Think of LangGraph as a state machine orchestrator (like Redux for backend workflows) and LlamaIndex as a smart search engine with built-in AI capabilities (like Elasticsearch + GPT combined).
Why These Frameworks Matter
The Challenges They Solve
-
State Management Complexity
- Multi-step workflows need to maintain state across operations
- Conversations require context preservation
- Error recovery needs state rollback capabilities
-
Document Retrieval Accuracy
- Simple keyword search isn't enough for research queries
- Need semantic understanding of document content
- Require intelligent ranking and filtering
-
Scalability and Performance
- Large document collections need efficient indexing
- Complex workflows need parallel execution
- Production systems need fault tolerance
What Makes Them Production-Ready
LangGraph:
- Built-in state persistence with checkpointing
- Conditional routing for adaptive workflows
- Stream processing for real-time feedback
- Error handling and retry mechanisms
LlamaIndex:
- Vector database abstraction layer
- Advanced query optimization
- Metadata-aware retrieval
- Response synthesis and post-processing
LangGraph: Stateful Workflow Orchestration
Core Concepts
LangGraph treats your multi-agent system as a directed graph where:
- Nodes represent operations (agent actions)

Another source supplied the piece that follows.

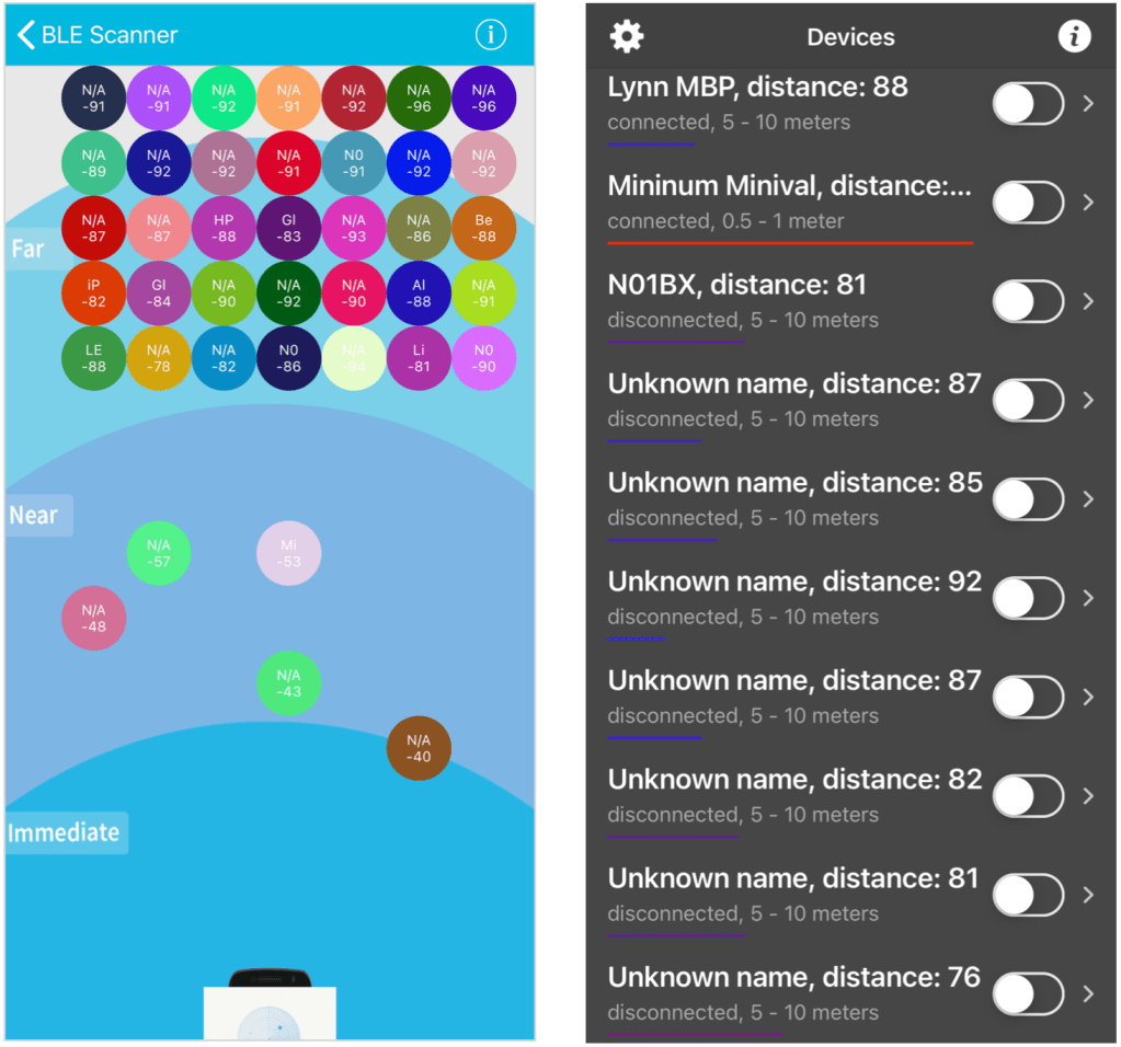 BLE Scanner is a limited but free app that provides a list of Bluetooth devices your iPhone or iPad can detect, and offers a mapping feature that roughly sorts them by signal strength into distance away. This is particularly useful if you’re checking out whether a car has a hidden AirTag; less so inside when there may be dozens of your own and neighbors’ devices close enough to register. Regular Bluetooth devices typically identify themselves generically (like my “HP OfficeJet Pro 9010 series” printer) or specifically, as with the sharing name of your Macs, iPhones, iPads, Apple TVs, FitBit trackers, and so on.
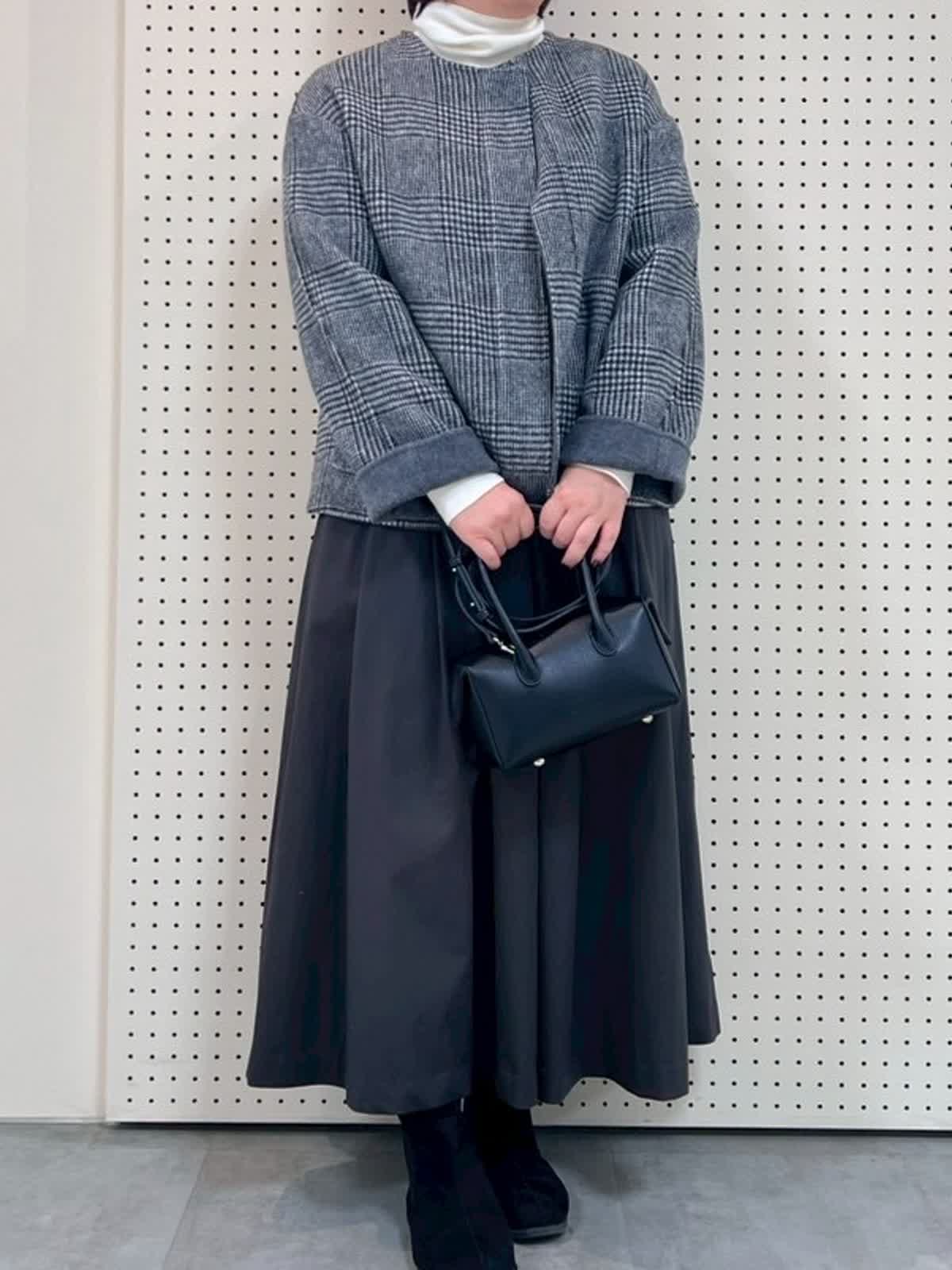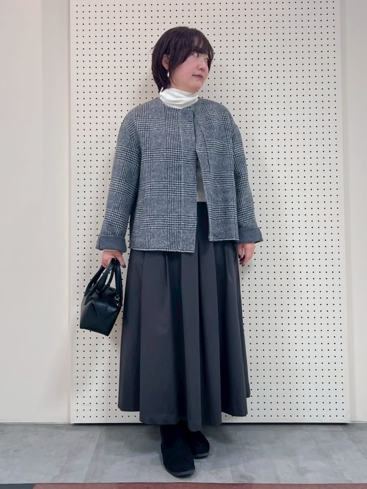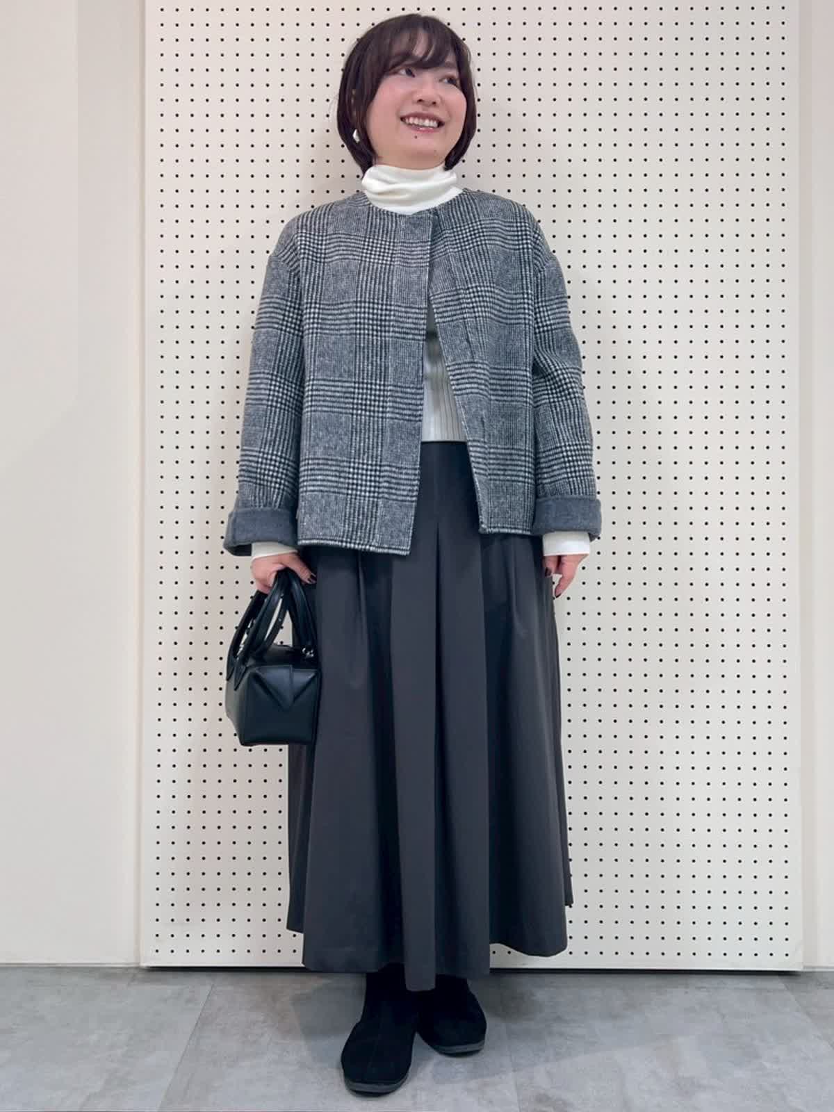 【着用サイズ】全て9号、フリー【着用カラー】コート:チャコールグレー ニット:グレーベージュ スカート:チャコールグレー 冬のコートコーディネート。ショートコートは、(149p)9号着用で腰下の長さ。スカートとの相性抜群です。とても軽くて暖かいので、寒くなってきた今の季節にぴったりです。オンオフ問わず羽織っていただけます。

- Edges represent transitions between operations
- State flows through the graph and is updated at each node
- Checkpointing enables persistence and recovery
If you've used React Router or state machines, LangGraph is similar but for backend agent workflows. Each node is like a route handler, and edges are like navigation rules.
Architecture Overview
Implementation Details
State Definition
The first step is defining your workflow state - the data structure that flows through your graph:
from typing import TypedDict, List, Dict
from langgraph.graph import StateGraph, END
class AgentState(TypedDict):
"""State shared across all agents in the workflow"""
# User input
query: str
# Data collected from sources
papers: List[Dict]
# Processing results
graph_data: Dict # Knowledge graph representation
vector_data: Dict # Vector embeddings
llamaindex_data: Dict # LlamaIndex RAG data
# Reasoning outputs
reasoning_result: Dict
critic_feedback: Dict
reflection_feedback: Dict
# Workflow metadata
messages: List[str] # Execution log
current_step: str # Current node name
error: str | None # Error tracking
retry_count: int # Retry attempts
stage_outputs: Dict # Per-stage results
This is like defining a TypeScript interface for your Redux state. Each field represents a piece of data that different "reducers" (nodes) can read and update.
Building the Workflow Graph
class LangGraphOrchestrator:
"""Production-grade LangGraph workflow orchestrator"""
def __init__(self):
# Initialize agent dependencies
self.data_collector = DataCollectorAgent()
self.graph_agent = KnowledgeGraphAgent()
self.vector_agent = VectorAgent()
self.llamaindex = LlamaIndexRAG()
self.reasoning_agent = ReasoningAgent()
self.evaluator = EvaluatorAgent()
# Create workflow
self.workflow = self._build_workflow()
# State persistence
self.memory = MemorySaver()
def _build_workflow(self) -> CompiledGraph:
"""Build and compile the LangGraph workflow"""
# Create the graph
workflow = StateGraph(AgentState)
# Add nodes (operations)
workflow.add_node("data_collection", self.data_collection_node)
workflow.add_node("graph_processing", self.graph_processing_node)
workflow.add_node("vector_processing", self.vector_processing_node)
workflow.add_node("llamaindex_indexing", self.llamaindex_indexing_node)
workflow.add_node("reasoning", self.reasoning_node)
workflow.add_node("self_reflection", self.self_reflection_node)
workflow.add_node("critic_review", self.critic_review_node)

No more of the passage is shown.